Dies gilt beispielsweise für die vorherige Bewertung von Plänen und Projekten, die nachteilige Auswirkungen haben können und nur dann genehmigt werden dürfen, wenn sie ein vorrangiges Interesse darstellen und keine alternative Lösung vorhanden ist. Im Falle von Schäden sind andere Lebensräume als Ersatz zur Verfügung zu stellen. Wenn dieses Netz erst einmal vollständig eingerichtet ist, sollte gewährleistet sein, dass die besten Beispiele natürlicher Lebensräume in der EU und Gebiete, die seltene und gefährdete Pflanzen und Tieren beherbergen, ordnungsgemäß erhalten und geschützt werden. Verzögerungen bei der Einreichung der (eigentlich bis Juni 1995 fälligen) Vorschläge der Mitgliedstaaten haben dazu geführt, dass die Schaffung des Netzes Natura 2000 im Zeitplan deutlich in Verzug geraten ist. Neben der Schaffung von Natura 2000 ist in der Habitat-Richtlinie ein Verbot der Schädigung von Brut- und Ruhestätten bestimmter Tierarten vorgesehen. Ausnahmeregelungen sind möglich, aber nur unter strengen Bedingungen.

    Rechtliches Verfahren

Artikel 226 EG-Vertrag befugt die Kommission zu rechtlichen Maßnahmen gegen Mitgliedstaaten, die ihren Verpflichtungen nicht nachkommen. Ist die Kommission der Ansicht, dass ein Verstoß gegen das Gemeinschaftsrecht vorliegen könnte, der ein Vertragsverletzungsverfahren rechtfertigt, richtet sie an den betreffenden Mitgliedstaaten ein „Aufforderungsschreiben“ (erstes Mahnschreiben“) und fordert diesen darin auf, innerhalb eines bestimmten Zeitraums - in der Regel zwei Monaten - seine Bemerkungen vorzubringen.

Nach Eingehen oder Ausbleiben einer Antwort kann die Kommission beschließen, dem betreffenden Mitgliedstaaten eine „mit Gründen versehene Stellungnahme“ (zweites Mahnschreiben) zu übermitteln, in der sie klar und eindeutig darlegt, weshalb ihrer Ansicht nach ein Verstoß gegen das Gemeinschaftsrecht vorliegt, und den Mitgliedstaat auffordert, innerhalb eines bestimmten Zeitraums - in der Regel zwei Monaten - dieser Situation abzuhelfen.

Kommt der Mitgliedstaat dieser mit Gründen versehenen Stellungnahme nicht nach, kann die Kommission beschließen, den Europäischen Gerichtshof mit dem Fall zu befassen.

Artikel 228 EG-Vertrag befugt die Kommission zu Maßnahmen gegen Mitgliedstaaten, die einem Urteil des Europäischen Gerichtshofs nicht nachkommen. Gemäß Artikel 228 kann die Kommission ferner den Gerichtshof ersuchen, gegen den betreffenden Mitgliedstaaten ein Zwangsgeld zu verhängen.
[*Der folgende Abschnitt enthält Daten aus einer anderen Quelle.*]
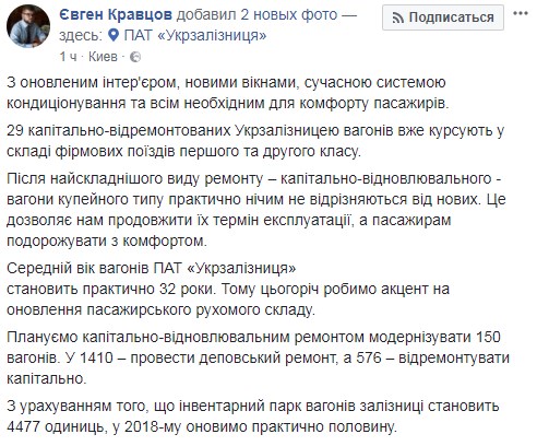 Евгений Кравцов также отметил, что после капитального ремонта вагоны мало, чем отличаются от новых, что в свою очередь позволяет увеличить срок их эксплуатации, а также позволяет пассажирам перемещаться с максимальным комфортом. Исполняющий обязанности главы "Укрзалізниці" также отметил, что в среднем срок эксплуатации пассажирских вагонов составляет около 30 лет. Именно поэтому в 2018 году "Укрзалізниці" вплотную займется капитальным ремонтом действующих составов. Так, по его словам, в текущем году на предприятии планирует модернизировать 150 вагонов, еще в около 1,5 тысячах вагонов проведут деповский ремонт. При этом еще около шести сотен вагонов отремонтируют капитально.
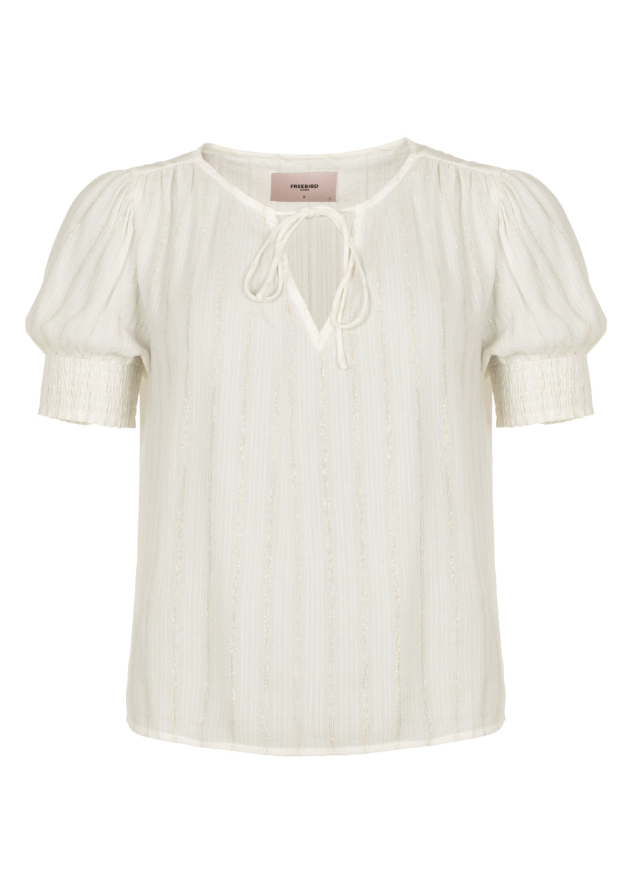 This airy short-sleeved top is made from a fluid viscose fabric with a subtle shimmer, thanks to the woven-in lurex thread. The elegant print gives the top a summery and feminine look. The smocked sleeve cuffs add a playful touch and extra comfort. A versatile piece that pairs perfectly with shorts, skirts, or jeans.

Aktuelle Statistiken zu Vertragsverletzungsverfahren können unter folgender Internetadresse eingesehen werden:

http://europa.eu.int/comm/secretariat_general/sgb/droit_com/index_en.htm#infractions

(1)Die Kommissarin bezieht sich hier auf die Entscheidung des Europäischen Rates von Göteborg im Juni 2001, den Rückgang der biologischen Vielfalt in der EU bis zum Jahr 2010 aufzuhalten.

(2)Richtlinie 79/409/EWG des Rates über die Erhaltung der wild lebenden Vogelarten.

(3)Richtlinie 92/43/EWG des Rates zur Erhaltung der natürlichen Lebensräume sowie der wild lebenden Tiere und Pflanzen.